The Provenance Gap: Analyzing Scope Squatting Vulnerabilities in ClawHub’s Plugin Registry

A critical supply-chain weakness has been identified within the ClawHub plugin registry, specifically concerning a failure in namespace enforcement. This vulnerability allowed third-party actors to “squat” under organizational scopes, effectively inheriting the first-party credibility of established entities like OpenClaw.

During a comprehensive catalog audit, Manifold Security discovered 23 code-executing plugins published under the @openclaw/ and @clawhub/ scopes. These packages were published by accounts with no verified relationship to the respective organizations, representing a significant breakdown in trust architecture.

The core of the issue lies in a disconnect between policy and enforcement. While ClawHub’s documentation explicitly mandates that a plugin’s scope must align with its verified owner, the registry failed to programmatically enforce this rule. This oversight allowed unaffiliated publishers to present their artifacts as official OpenClaw integrations—a failure that introduces substantial operational risk to the ecosystem.

In modern software distribution, scope prefixes (such as @owner/) serve as vital provenance signals. Much like the scoping model used by npm, these prefixes act as a shorthand for trust, indicating the specific entity responsible for the artifact’s lifecycle and security posture.

ClawHub adopted this industry-standard model, utilizing @openclaw for genuine first-party integrations, such as @openclaw/whatsapp and @openclaw/codex.
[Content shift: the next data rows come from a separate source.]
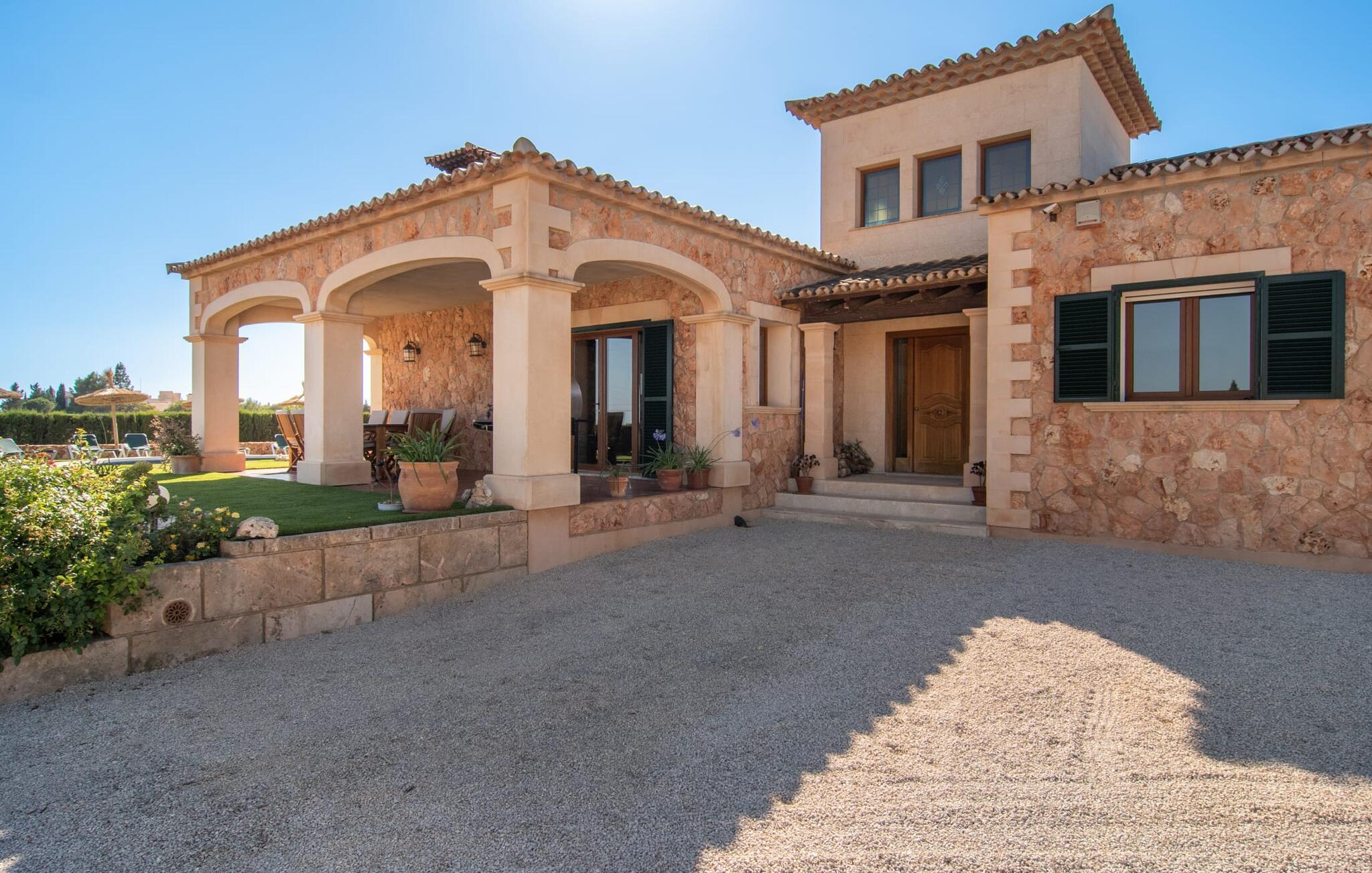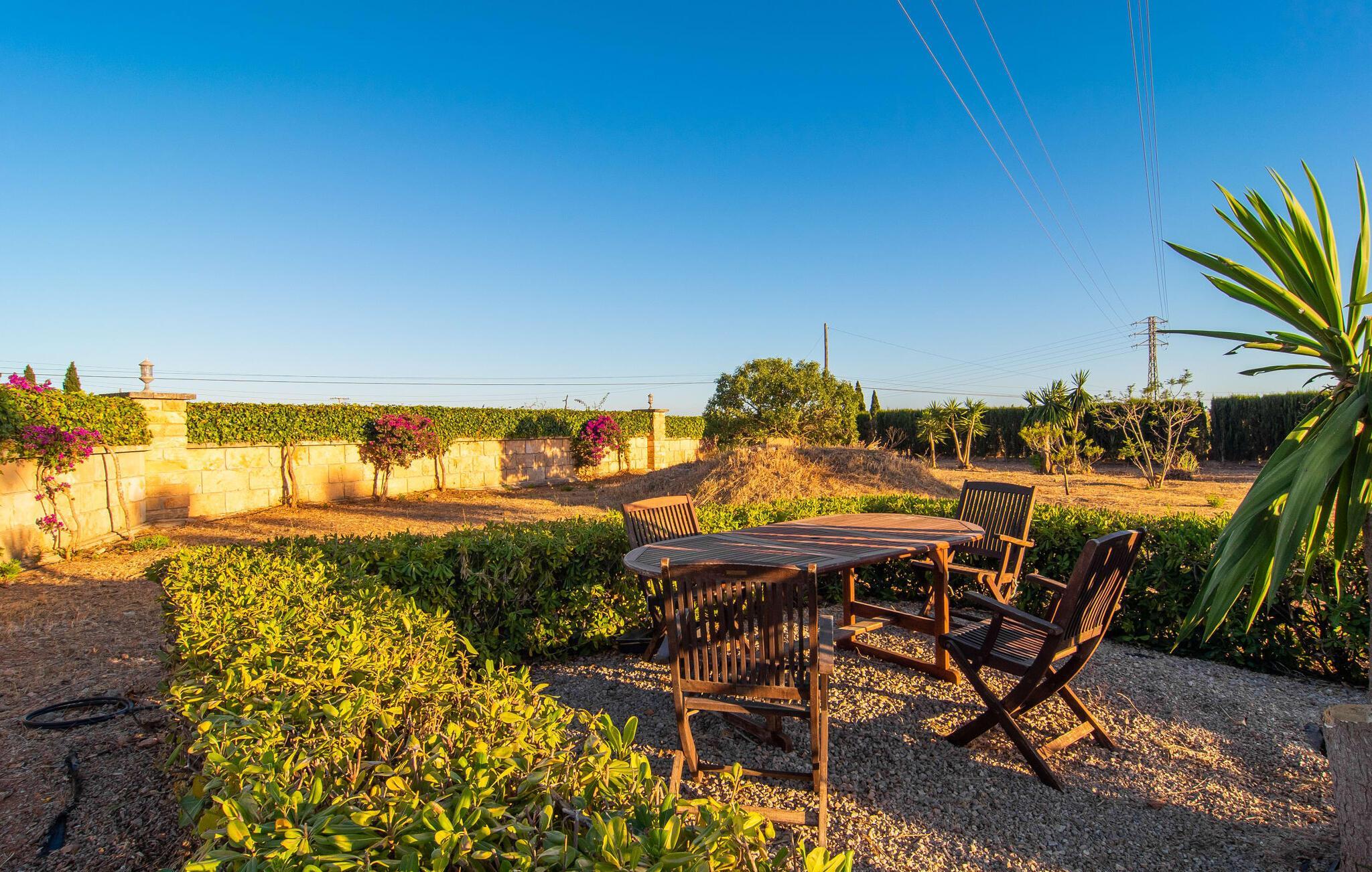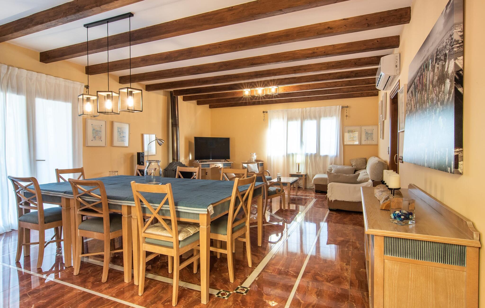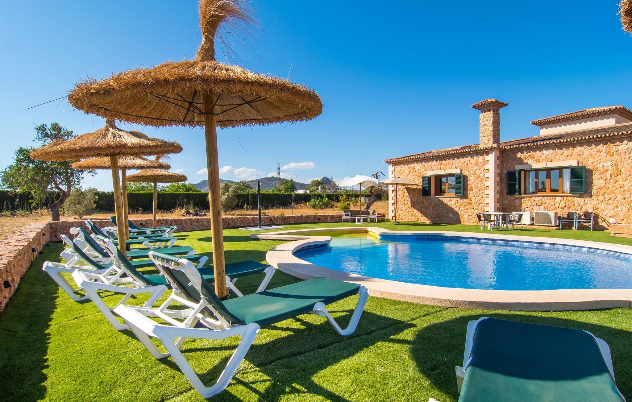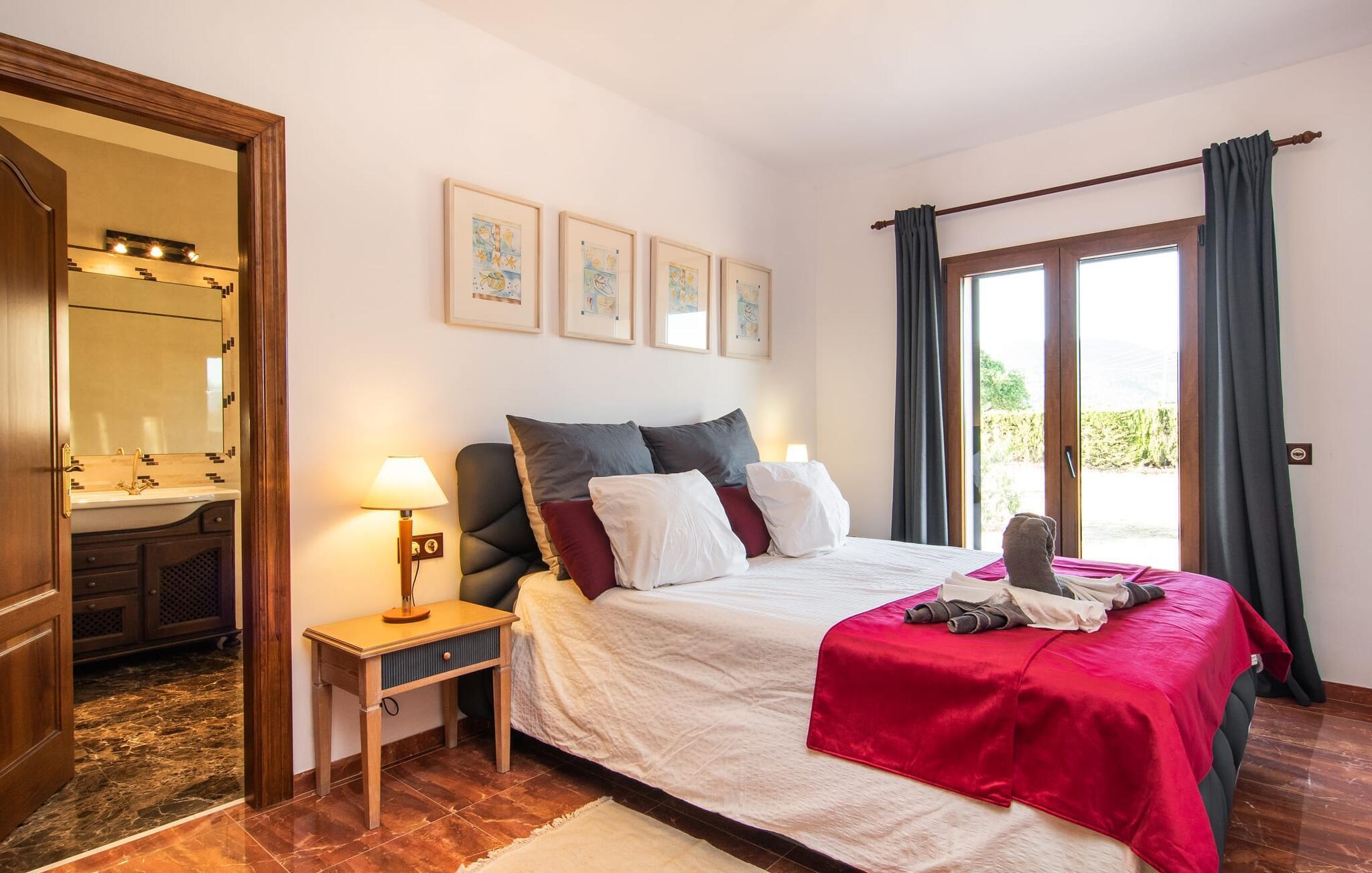 Das Interieur der Finca verbindet traditionellen rustikalen Charme mit modernem Komfort und zeichnet sich durch freundliche Farben, dunkle Holzakzente und Fliesenböden aus. Alle Zimmer liegen auf einer Ebene und bieten so einen einfachen Zugang für Familien mit kleinen Kindern. Der einladende Eingang führt zu einem großen offenen Wohn- und Essbereich, der mit einem gemütlichen Sofa, einem Fernseher und einem Kamin für kühlere Tage sowie einem langen Esstisch für Familienessen ausgestattet ist. Eine Schiebetür trennt diesen Raum von einer gut ausgestatteten Küche. Das Anwesen umfasst fünf Doppelzimmer und drei stilvolle Badezimmer, eines davon en Suite.
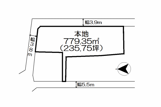 □現況でのお引渡しとなります。 □接道:北側3.8m、西側5.5m、東側3.9m
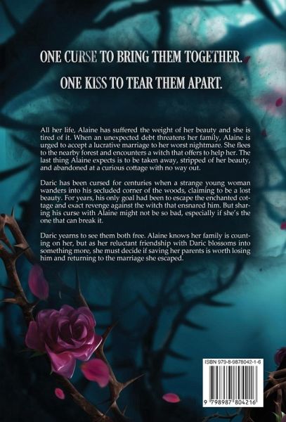 One curse to bring them together. One kiss to tear them apart. All her life, Alaine has suffered the weight of her beauty and she is tired of it. When an unexpected debt threatens her family, Alaine is urged to accept a lucrative marriage to her worst nightmare. She flees to the nearby forest and encounters a witch that offers to help her. The last thing Alaine expects is to be taken away, stripped of her beauty, and abandoned at a curious cottage with no way out. Daric has been cursed for centuries when a strange young woman wanders into his secluded corner of the woods, claiming to be a lost beauty. For years, his only goal had been to escape the enchanted cottage and exact revenge against the witch that ensnared him. But sharing his curse with Alaine might not be so bad, especially if she's the one that can break it. Daric yearns to see them both free. Alaine knows her family is counting on her, but as her reluctant friendship with Daric blossoms into something more, she must decide if saving her parents is worth losing him and returning to the marriage she escaped. Let this sweet fairytale romance with forced proximity and unexpected friendship sweep you off your feet. In this romantic Beauty and the Beast retelling, the villain isn't always who they seem to be, and curses are sometimes blessings in disguise.

However, the lack of registry-level validation enabled the emergence of lookalike packages, including @openclaw/security-gate, @openclaw/fiat-wallet, and @clawhub/aisa-twitter-api. To a standard user, these appeared to be endorsed integrations, despite being hosted by unrelated third parties.

Archived snapshots of these listings demonstrate how easily a user could be deceived. For instance, an installation command like openclaw plugins install clawhub:@clawhub/prediction-market carries a veneer of legitimacy that masks the lack of underlying verification.

According to Manifold’s technical analysis, while 557 of the 1,508 plugins in the ClawHub catalog utilized an @owner/ scope, a significant portion of these scopes lacked actual ownership verification.

The Risk of Impersonation and Privileged Execution

It is important to note that Manifold’s manual inspection did not find immediate evidence of malicious payloads in the specific packages reviewed. However, the absence of malware in this instance does not mitigate the structural danger: impersonation is a force multiplier for future attacks.

Because these plugins are designed to execute code within autonomous agents, they possess highly sensitive capabilities. This includes performing autonomous payments, executing host-level Git and GitHub commands, exporting agent configurations, and establishing egress to third-party APIs. If an actor successfully hijacks the “trust” associated with a scope, they can bypass the psychological barriers that usually prevent users from installing unverified code.

Consider the security model of the @microsoft/microsoft-graph-client package on npm. Because npm enforces strict organizational scoping, a developer can operate under the reasonable assumption that any package under @microsoft is an official product. The scope itself acts as a security primitive. In ClawHub’s case, the scope became a deceptive tool rather than a protective layer.

A sophisticated attacker does not need to compromise a legitimate package. They simply need to exploit the registry’s failure to verify provenance to trick operators into granting privileged access to an “official-looking” but malicious integration.

Remediation and Moving Forward

Upon Manifold reporting the vulnerability via GitHub’s security advisory workflow on June 17, ClawHub moved to remediate the issue. By June 19, the organization had implemented a namespace-claim dispute procedure, unlisted the most misleading plugins, and updated their documentation to provide a pathway for rightful owners to request manual reviews.

This incident highlights a fundamental principle for registry maintainers: whenever a platform introduces its own scoping or namespacing layers, it assumes the responsibility of enforcing provenance.

To mitigate these risks, registries should consider several architectural approaches:

• Identity Derivation: Deriving owner identity directly from established providers like GitHub, where ownership and publishing rights are already strictly managed.
• Automated Enforcement: Implementing rigorous, automated checks at the “publish” stage to ensure the requested scope matches the authenticated owner.
• Rapid Response: Maintaining a fast-track dispute and takedown process for contested namespaces.

As the AI agent landscape expands, the plugin attack surface will grow exponentially. Manifold’s ongoing research—including the development of a public supply-chain index and runtime detection capabilities—underscores a vital truth: as the complexity of autonomous software increases, we must move toward a model where runtime monitoring ensures that a plugin’s behavior strictly aligns with its claimed provenance.